Tessellation And Displacement 细分和置换
Introduction 引言
Tessellation is a computer graphics technique that can make a coarse, low-polygon mesh render smooth. This is achieved through polygonal subdivision, which happens at render-time. Working with low-polygon meshes and letting Redshift do the subdivision during rendering has certain advantages:
细分是一种计算机图形学技术,可以使一个粗糙,低多边形网格渲染平滑。这是通过多边形细分实现的,细分发生在呈现时间。使用低多边形网格并让红移在渲染过程中进行细分有一定的优势:
- Low-polygon meshes can be simpler to manage for animation reasons 由于动画的原因,低多边形网格可以更简单地管理
- The 3D program itself doesn't have to maintain large numbers of polygons which can be expensive in terms of system memory 3 d 程序本身并不需要维护大量的多边形,这些多边形对于系统内存来说是昂贵的
It can be more memory-efficient (which is important for GPUs) when combined with view-dependent and/or adaptive subdivision. Small or distant objects, for example, can render smooth with fewer subdivisions.
当与视图相关和/或自适应细分相结合时,它可以提高内存效率(这对 gpu 很重要)。例如,较小或较远的物体可以用较少的细分来渲染平滑的效果。
Redshift subdivides quad polygons using the Catmull-Clark algorithm. For triangles, it uses the Loop algorithm. Redshift supports both screen-space and world-space adaptive tessellation for improved memory usage.
Displacement is a technique typically combined with tessellation. It allows the user to add extra detail on their meshes through shader networks, i.e. textures, noise shader nodes, etc.

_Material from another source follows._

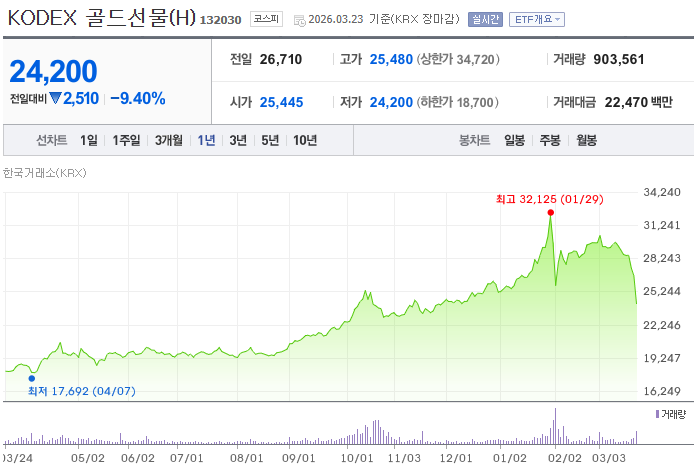 - KODEX 골드선물(H) / TIGER 골드선물(H): 국제 금 선물 가격을 추종합니다. 종목명 뒤에 붙은 '(H)'는 환헤지(Hedge)를 의미하며, 원/달러 환율 변동의 영향을 받지 않고 오직 '국제 금 가격'의 등락에만 수익률이 연동되도록 설계되어 있습니다.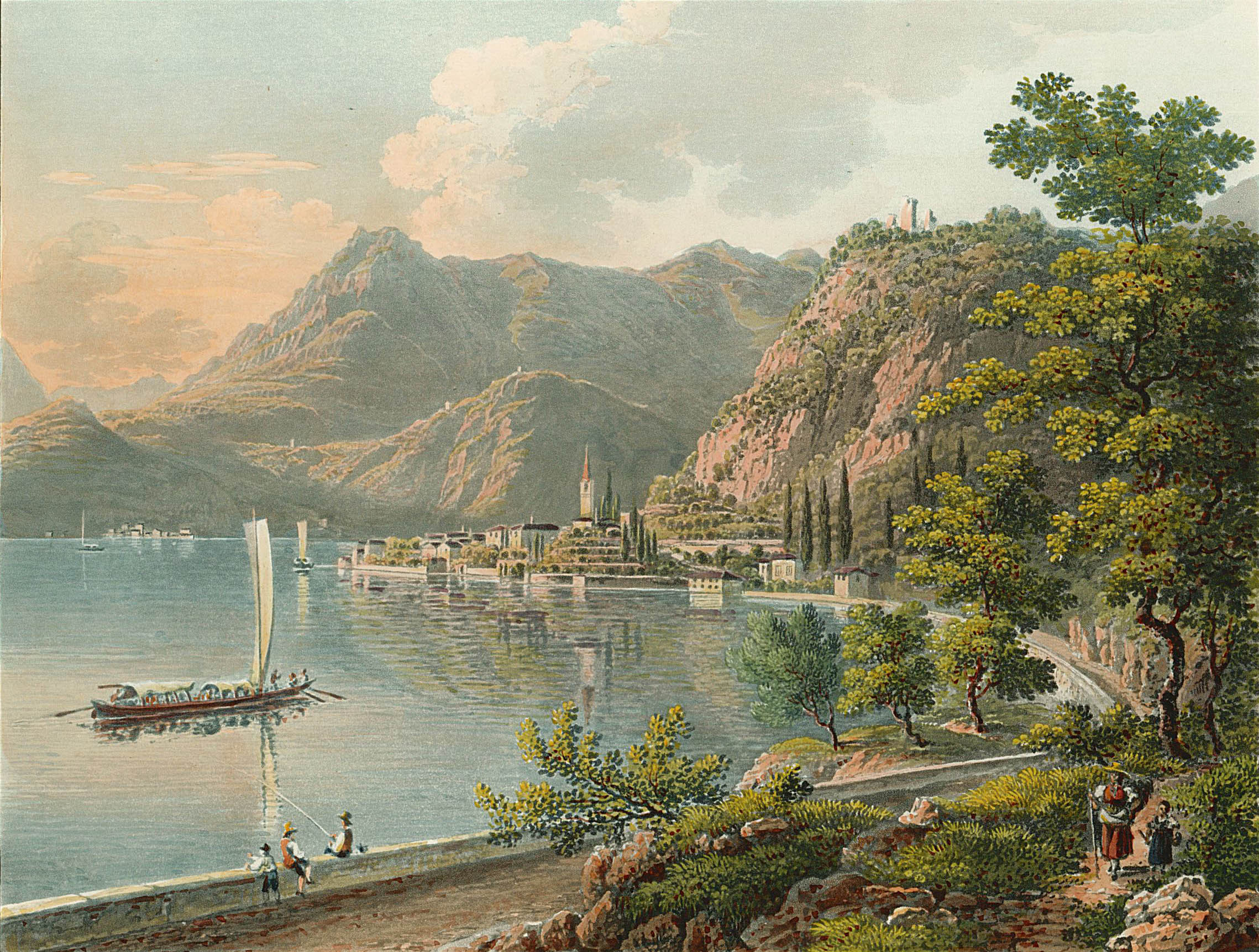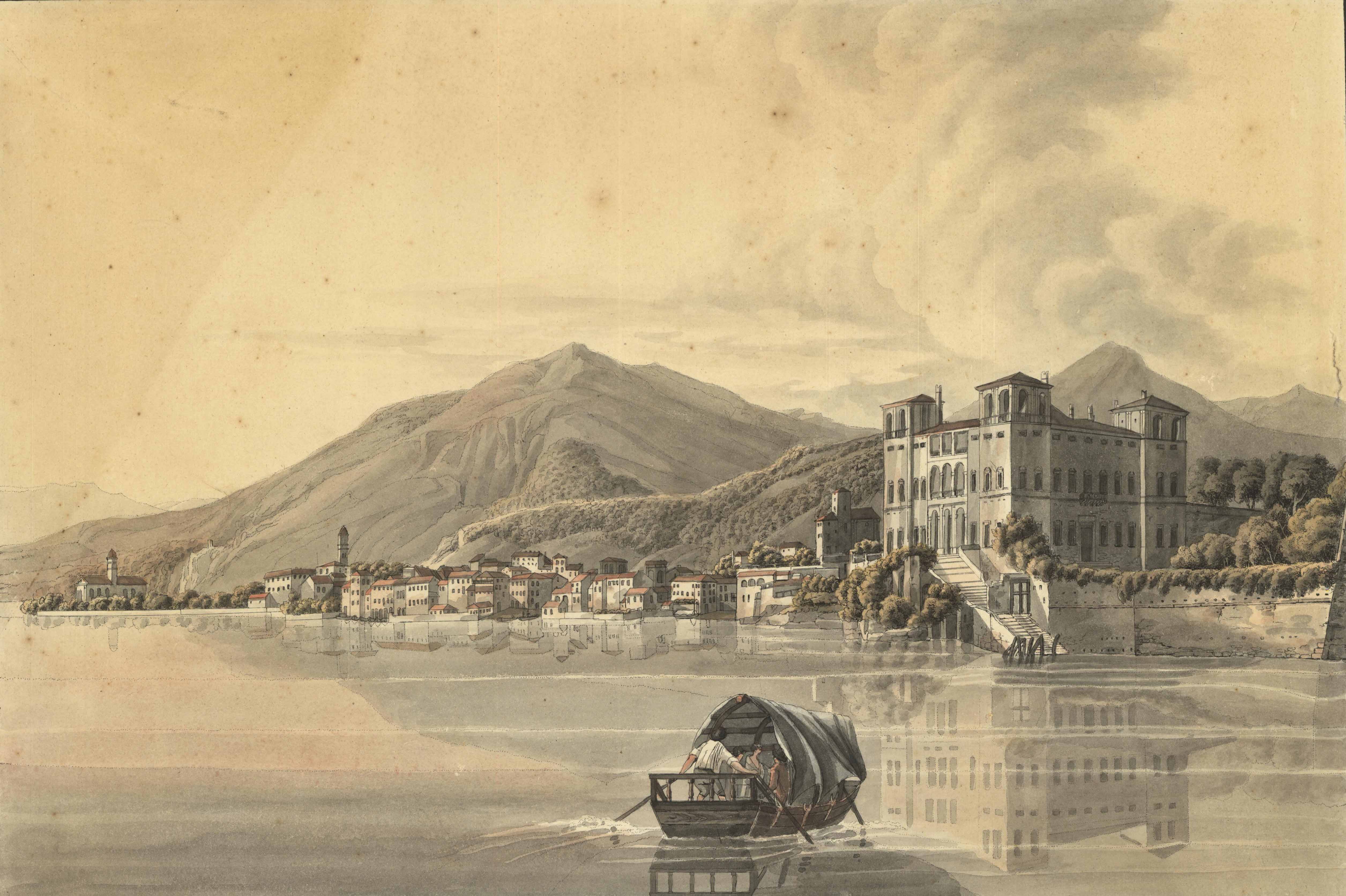 Fra gli autori italiani delle vedute si segnalano Girolamo Mantelli, artista attivo fra la fine del XVIII secolo e l’inizio del XIX secolo, di cui sono esposte due immagini dedicate al porto di Como e al Balbiano, Giuseppe Bisi, che fu docente di pittura di paesaggio all’Accademia di Brera, e Giuseppe Elena, pittore e incisore.

使用 Catmull-Clark 算法对四边形进行红移细分。对于三角形,它使用循环算法。红移支持屏幕空间和世界空间自适应细分,以改善内存使用。置换是一种技术,通常结合细分。它允许用户通过着色器网络在他们的网格上添加额外的细节,例如纹理,噪声着色器节点等。
The benefits of displacement include:
流离失所的好处包括:
- Manipulating textures and shader networks for certain displacement effects (such as a brick wall) is much easier than manipulating lots of vertices in a 3D program 操纵纹理和着色网络的某些置换效果(如砖墙)是非常容易的,比操纵大量的顶点在一个3D 程序
- Sculpting apps like ZBrush and Mudbox are easier to use compared to polygon modeling when creating organic geometry. A displacement (or vector displacement) map allows this sculpted detail to be applied on a fairly low-resolution mesh. 在创建有机几何体时,像 ZBrush 和 Mudbox 这样的雕刻应用程序比多边形建模更容易使用。一个置换(或矢量置换)地图允许这个雕塑细节适用于一个相当低的分辨率网格
Because displacement can happen on adaptively tessellated meshes, it can be more memory efficient than using a full-detail, full-tessellation mesh in memory at all times and irrespective of its size or viewpoint.
因为置换可以在自适应嵌套网格上发生,所以它可以比在内存中始终使用全细节、全嵌套网格更有效地提高内存效率。
Redshift supports both heightfield (displacing along the vertex normal) and vector displacement maps. The vector displacement maps can be in object or tangent space. Importantly, any displacement detail that couldn't be represented given the existing tessellation settings is represented, instead, using bump mapping – therefore a good level of surface detail can be present even in fairly low-quality tessellation settings.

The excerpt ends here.